Although anyone who was actually at their desk on Friday would have preferred to see another lazy up day to pad their gains for the year, the move in the yield of the 10-year T-Note to a new high for the year was simply impossible to ignore. So, with yields pushing through 3.9% and the dollar rising, stocks moved lower and spent most of the day down 60 Dow points or so.
Then, just about the time everyone started packing up the briefcase and was checking on their dinner reservations and party plans, somebody somewhere decided to have some fun with their computers. The sell programs pushed stocks down 75 points in about 20 minutes and with nobody home in the bull camp to defend their turf, stocks finished at the lows of the day.
The good news is that only the DJIA, which has been a laggard for the past month, wound up in trouble on a chart basis after the dust settled. For the S&P, NASDAQ, and Russell, the quick drop appeared to be simply a pullback in an ongoing uptrend. So, unless rates continue to rise or something comes out of the woodwork, we’ll chalk up Friday’s action to fun and games with computers and get ready to start the game anew this morning.

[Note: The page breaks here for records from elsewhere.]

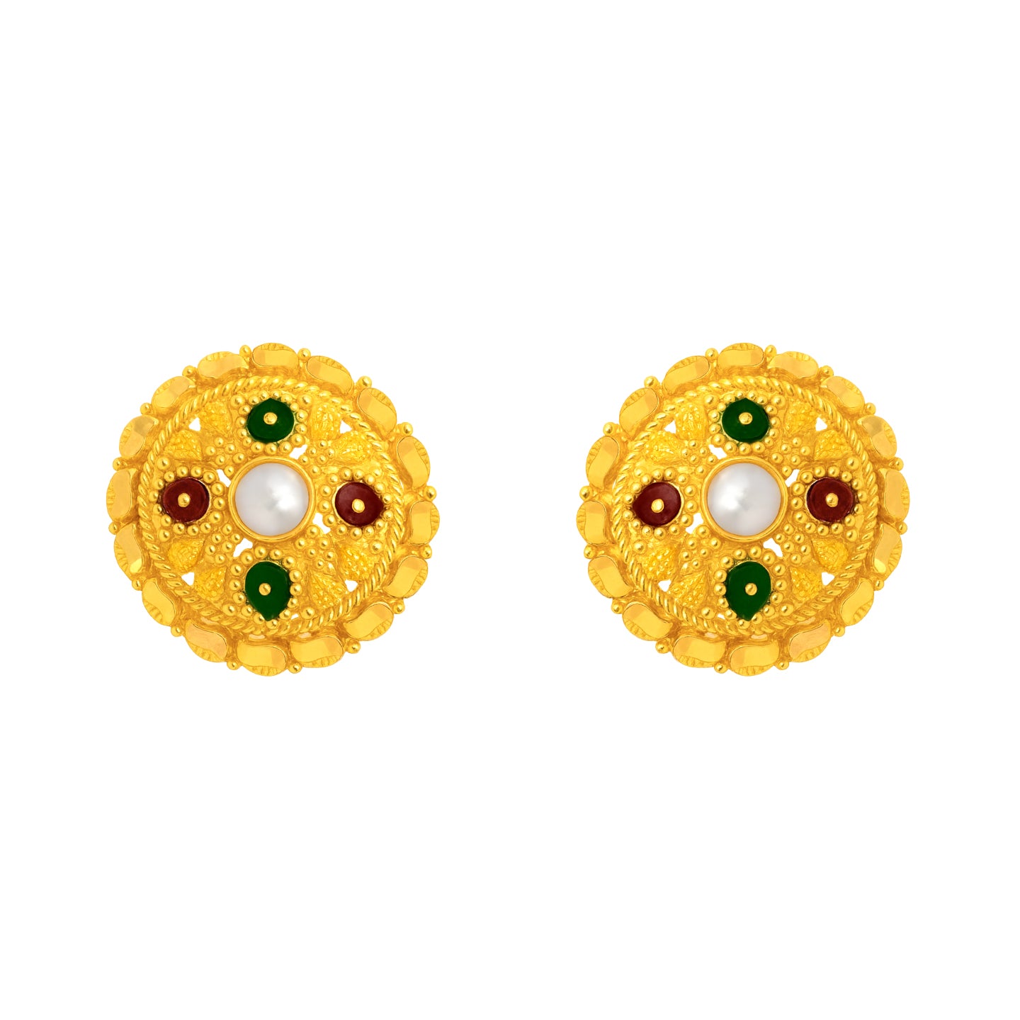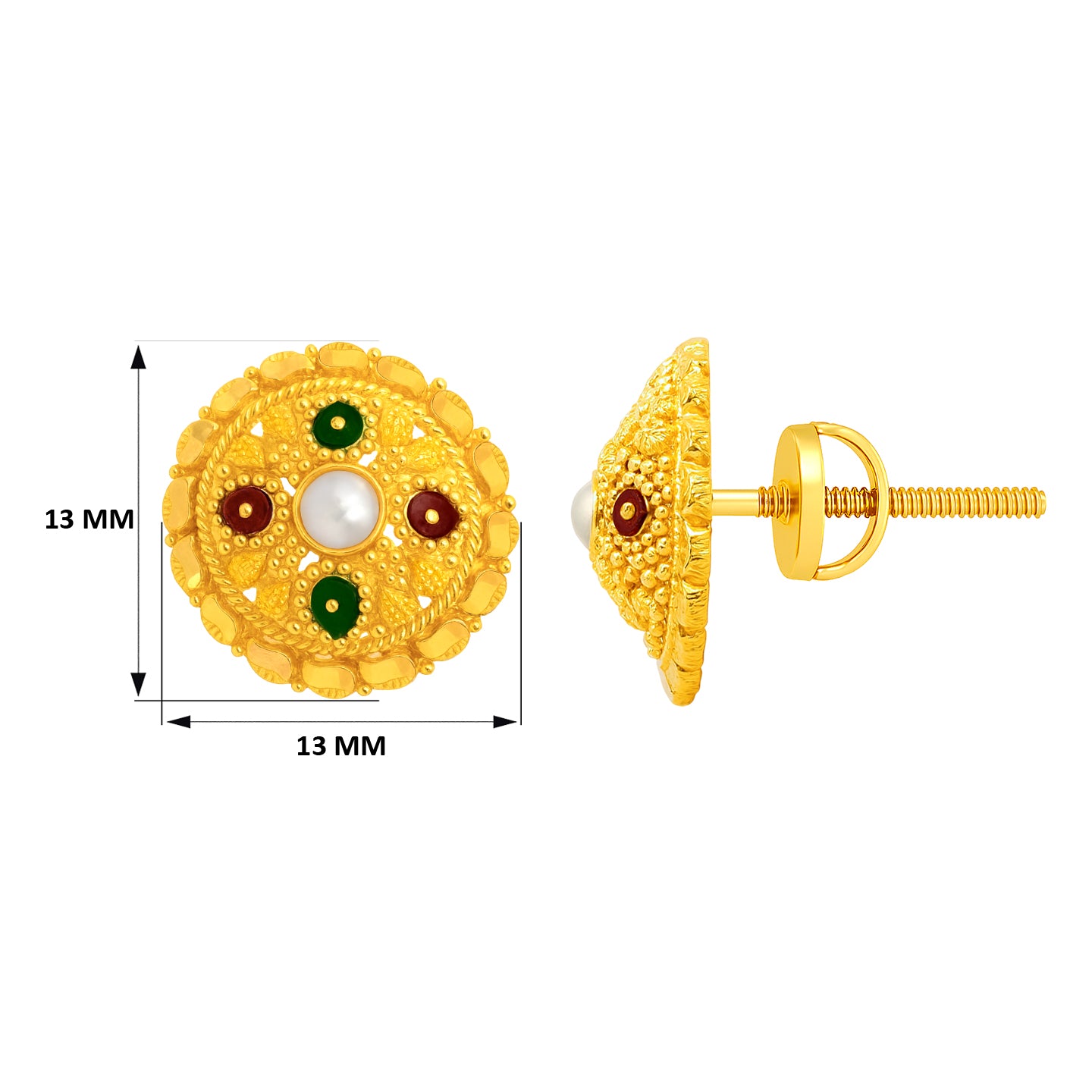 22k Yellow Gold MeenakariOrnamental Earrings measuring 13mm length x 13mm width. Total gold weight is approximately 4.22g.
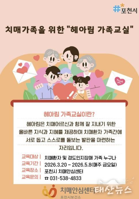 태산뉴스 이동욱 기자 | 포천시 치매안심센터는 오는 3월 20일부터 치매환자 가족을 대상으로 상반기 ‘헤아림’ 가족교실 프로그램을 운영하고, 참여자를 모집한다.
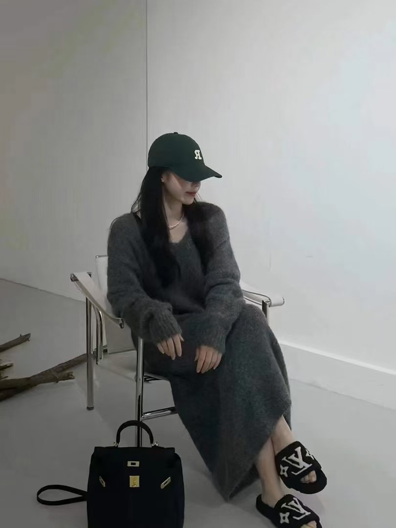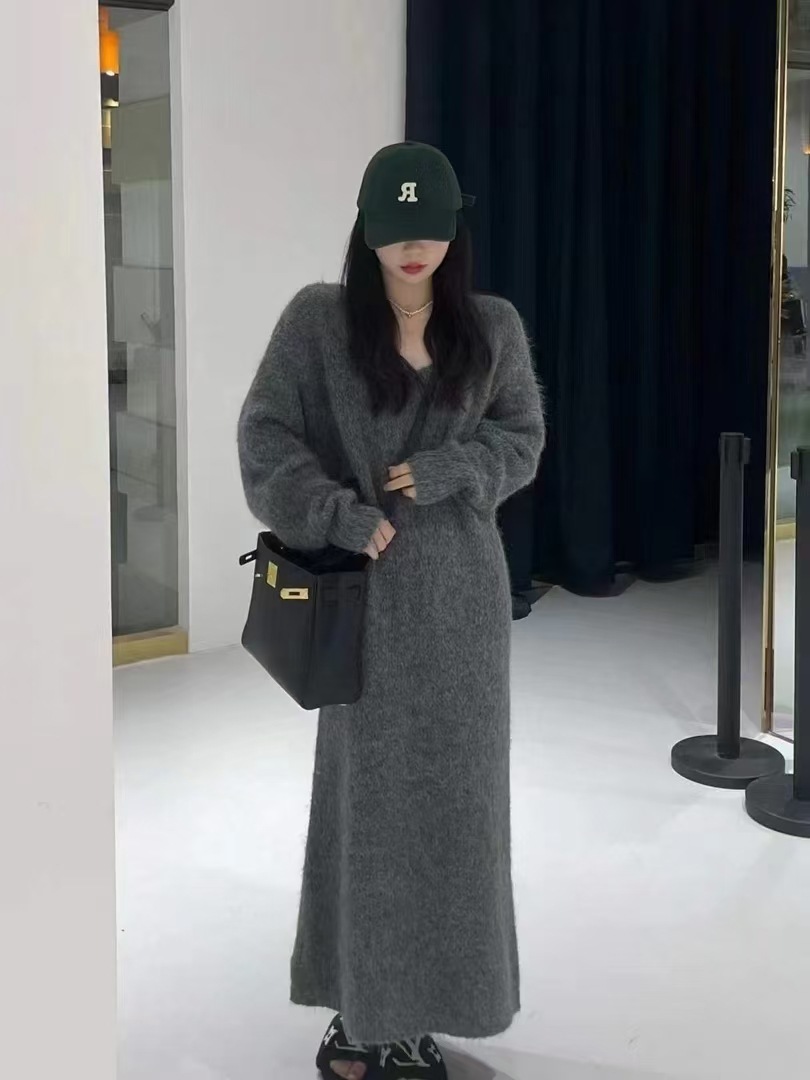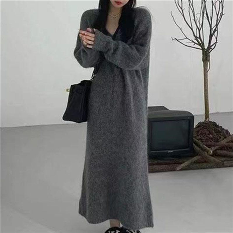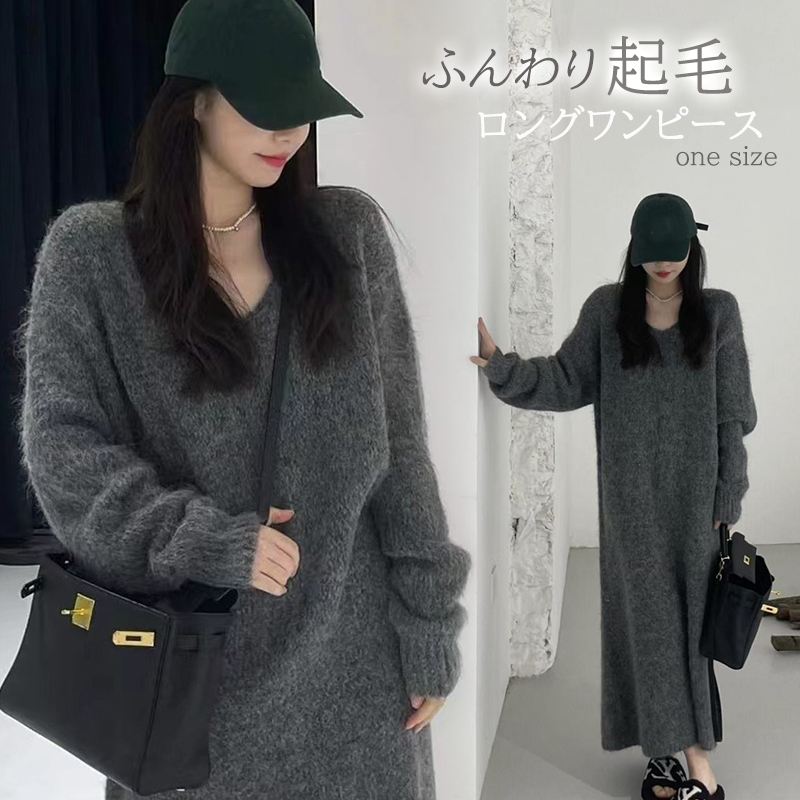 ふんわりと柔らかな起毛素材を使用したニットのロングワンピース。

Turning to this morning, we don’t have any economic data to review before the bell. However, we will get the ISM Manufacturing and Construction Spending reports at 10:00 am eastern.
Running through the rest of the pre-game indicators, the overseas markets are mostly higher. Crude futures are up with the latest quote showing oil trading higher by $1.62 to $80.98. On the interest rate front, we’ve got the yield on the 10-yr trading at 3.85%, while the yield on the 3-month T-Bill is at 0.08%. Next, gold is moving up by $22.50 and the dollar is higher against the Yen and Pound, but lower versus the Euro. Finally, with about 60 minutes before the bell, stock futures in the U.S. are pointing to nice start to 2010. The Dow futures are currently ahead by about 50 points; the S&P’s are up about 6 points, while the NASDAQ looks to be about 17 points above fair value at the moment.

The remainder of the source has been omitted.